Хёйгенс очень близко подошел к идеалу человека Возрождения — homo universalis, человека, полного жизни и одновременно всегда ищущего другого, «совершенного» мира. Прочтите перевод стихотворения, которое он написал на латыни в 1653 году о своем новом доме в Гааге.
Рот посредине, уверенный рот; Подо лбом на равном расстоянии широко открытые глаза; Виски; нос; уши; из плечей и груди, Прекрасной груди, как и у ее владельца вырастающие руки; Скелет с собственным блеском, ребра, покрытые двойной колеей; Собранные ниже ребер во впалом животе кишки — Все это показывает один дом, да, он далее смеется, Если поэт не ошибается, на ваши взгляды, изящная Гаага.
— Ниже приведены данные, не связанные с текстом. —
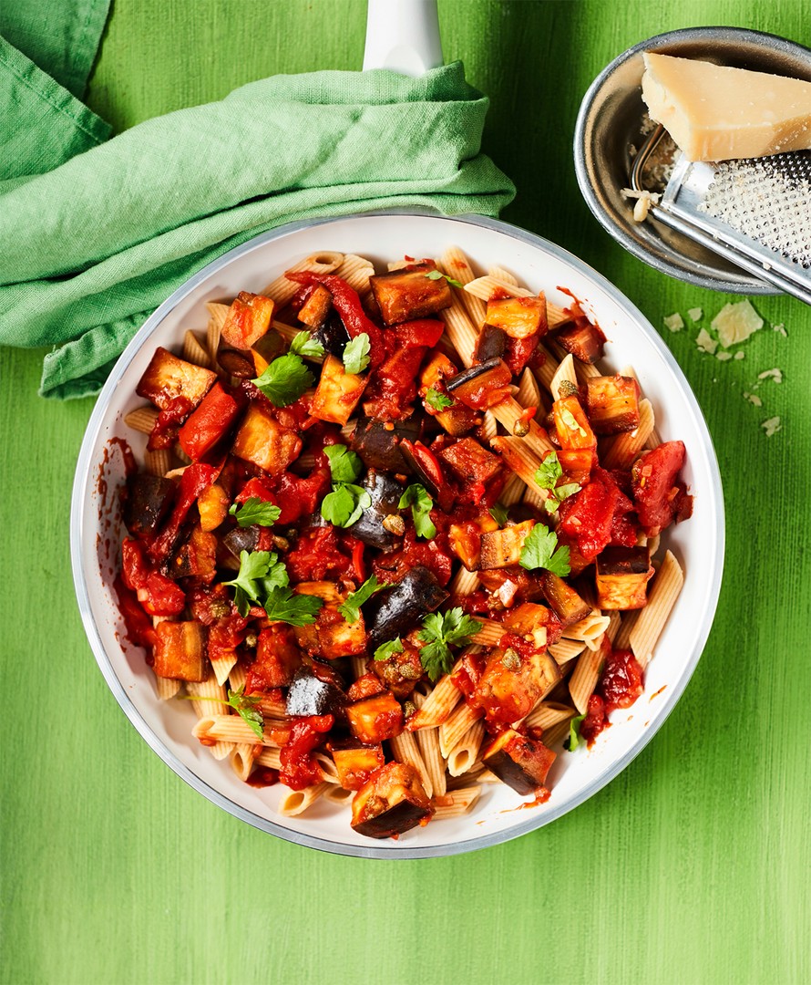 Mehevä klassikkopasta Sisiliasta jättää sopivan kevyen olon.

Давайте простим ребенка; скоро, повзрослев с годами, Он выскажет то, о чем молчит в колыбели, и станет человеком.Стихотворение посвящено Якобу ван Кампену, автору и этого гаагского проекта. Но вообще-то речь в нем идет о порядке жизни, а также о строении человеческого тела, в котором отражается божественное мироздание, — строении, которое должно повторяться в любом здании, любом городе, любом созданном ландшафте.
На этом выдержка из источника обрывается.